Trump had made a public appearance in a campaign for the first time on Saturday. At noon he spoke from the balcony of the White House to supporters of the black and Hispanic communities who had gathered on the lawn below. He had previously concealed his disease status and avoided questions about current test results in interviews.

In Sunday’s interview, Trump again promoted the Covid treatment with an experimental antibody cocktail from the biotech company Regeneron that was administered to him at the hospital. The drug is not a treatment method, but a “cure” and a “miracle” that should soon be available to everyone, Trump said.

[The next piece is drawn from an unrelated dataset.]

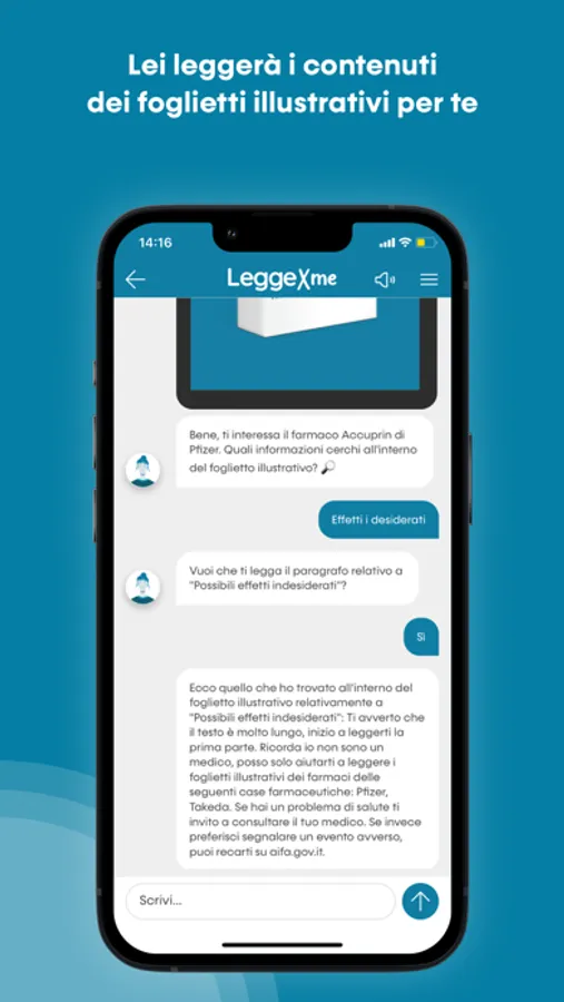 LeggeXme è la app per la lettura dei foglietti illustrativi rivolta ai cittadini e agli operatori sanitari in Italia. LeggeXme consente di parlare con Linda, il chatbot studiato e progettato per guidare gli utenti nella consultazione e ricerca di informazioni contenute nei foglietti illustrativi delle case farmaceutiche che partecipano al progetto, Pfizer e Takeda.

Antibody treatments developed by various manufacturers have yet to be officially approved and will only be available in relatively small quantities for the foreseeable future. Critics suspect Trump of touting the drug as a magic bullet to use to distract attention from his administration’s failure to contain the pandemic ahead of the November 3 presidential election.

According to Trump’s personal physician, the president of the United States is no longer contagious. The latest coronavirus test has shown according to “currently recognized standards” that Trump “no longer poses a transmission risk to others,” physician Sean Conley said Saturday night in a letter distributed by the White House.